"""

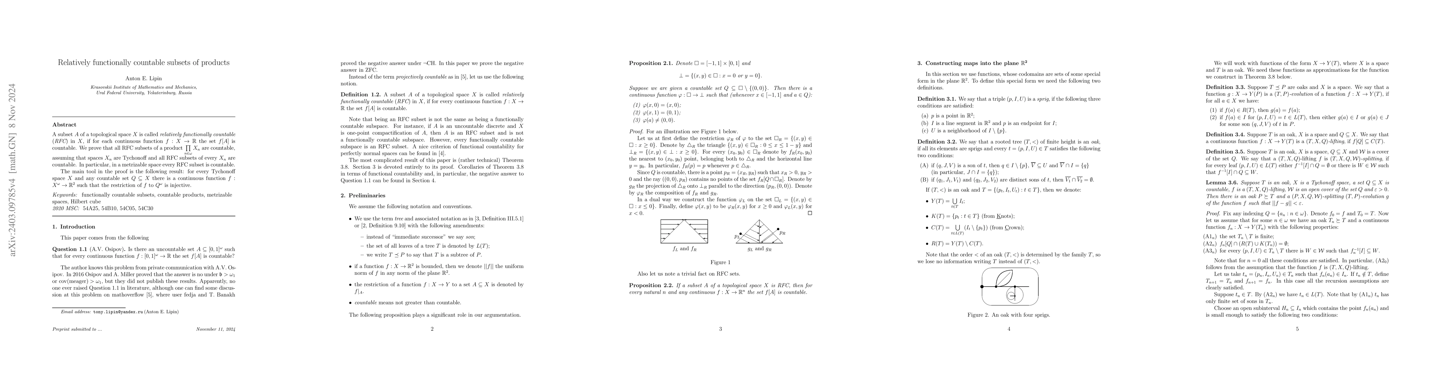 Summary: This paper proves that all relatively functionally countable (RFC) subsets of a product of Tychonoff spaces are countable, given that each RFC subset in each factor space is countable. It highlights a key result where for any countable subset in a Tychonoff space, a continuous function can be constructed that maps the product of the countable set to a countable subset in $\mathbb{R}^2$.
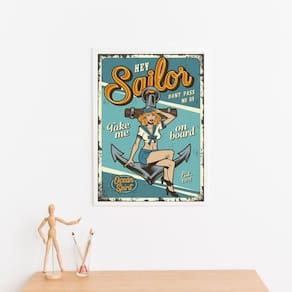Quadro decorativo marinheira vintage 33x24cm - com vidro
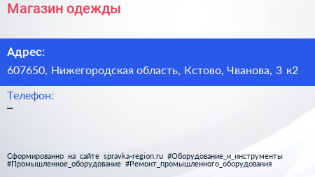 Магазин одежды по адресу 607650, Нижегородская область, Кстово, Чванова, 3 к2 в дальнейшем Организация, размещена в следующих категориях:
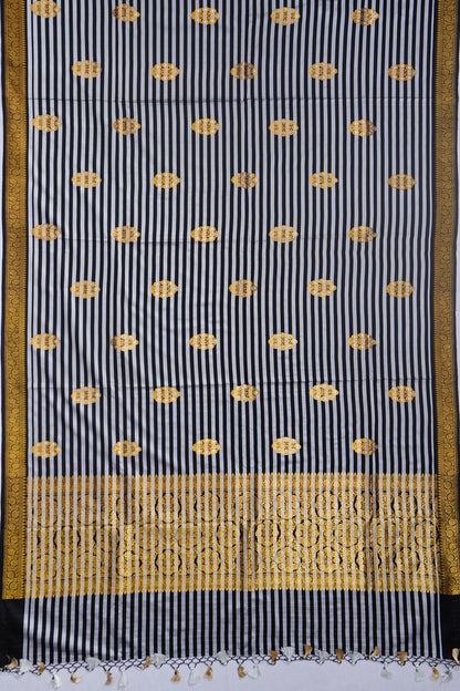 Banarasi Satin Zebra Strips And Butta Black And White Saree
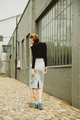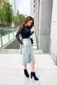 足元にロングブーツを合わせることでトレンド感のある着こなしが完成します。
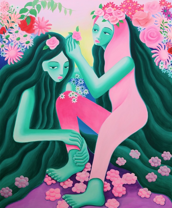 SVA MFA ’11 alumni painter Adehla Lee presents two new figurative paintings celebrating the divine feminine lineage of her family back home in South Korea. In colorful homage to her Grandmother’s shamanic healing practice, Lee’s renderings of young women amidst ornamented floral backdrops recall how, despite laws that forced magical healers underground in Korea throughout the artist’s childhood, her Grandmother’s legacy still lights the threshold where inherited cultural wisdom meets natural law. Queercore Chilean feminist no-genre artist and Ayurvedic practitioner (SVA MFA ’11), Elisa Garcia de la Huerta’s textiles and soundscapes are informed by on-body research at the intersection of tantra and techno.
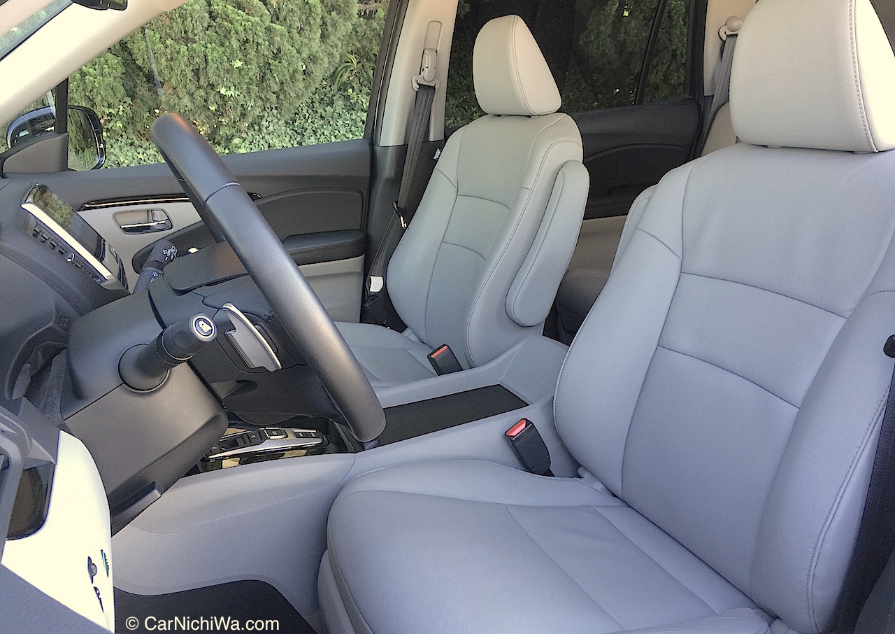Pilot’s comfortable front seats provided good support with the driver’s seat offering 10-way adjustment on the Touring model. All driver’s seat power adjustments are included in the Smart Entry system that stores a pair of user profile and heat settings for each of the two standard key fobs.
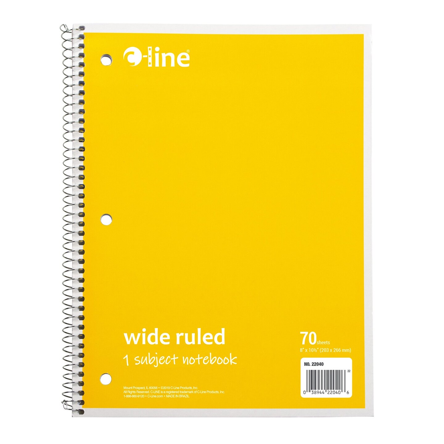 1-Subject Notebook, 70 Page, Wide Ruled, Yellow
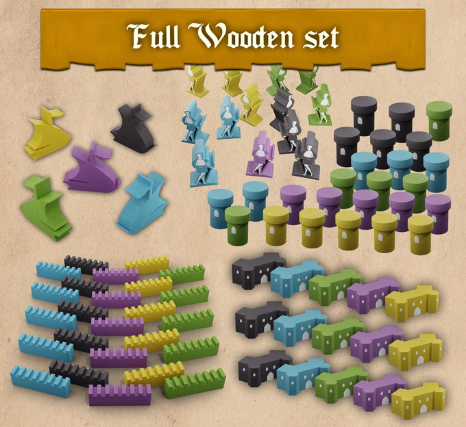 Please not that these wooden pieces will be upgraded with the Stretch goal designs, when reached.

"""

- Exercise prompt: Starting at the first line of the data, set down each line exactly until you have copied the line with "足元にロングブーツを合わせることでトレンド感のある着こなしが完成します。", but leave the pictures out.

- Response:
 Summary: This paper proves that all relatively functionally countable (RFC) subsets of a product of Tychonoff spaces are countable, given that each RFC subset in each factor space is countable. It highlights a key result where for any countable subset in a Tychonoff space, a continuous function can be constructed that maps the product of the countable set to a countable subset in $\mathbb{R}^2$.
Quadro decorativo marinheira vintage 33x24cm - com vidro
 Магазин одежды по адресу 607650, Нижегородская область, Кстово, Чванова, 3 к2 в дальнейшем Организация, размещена в следующих категориях:
 Banarasi Satin Zebra Strips And Butta Black And White Saree
 足元にロングブーツを合わせることでトレンド感のある着こなしが完成します。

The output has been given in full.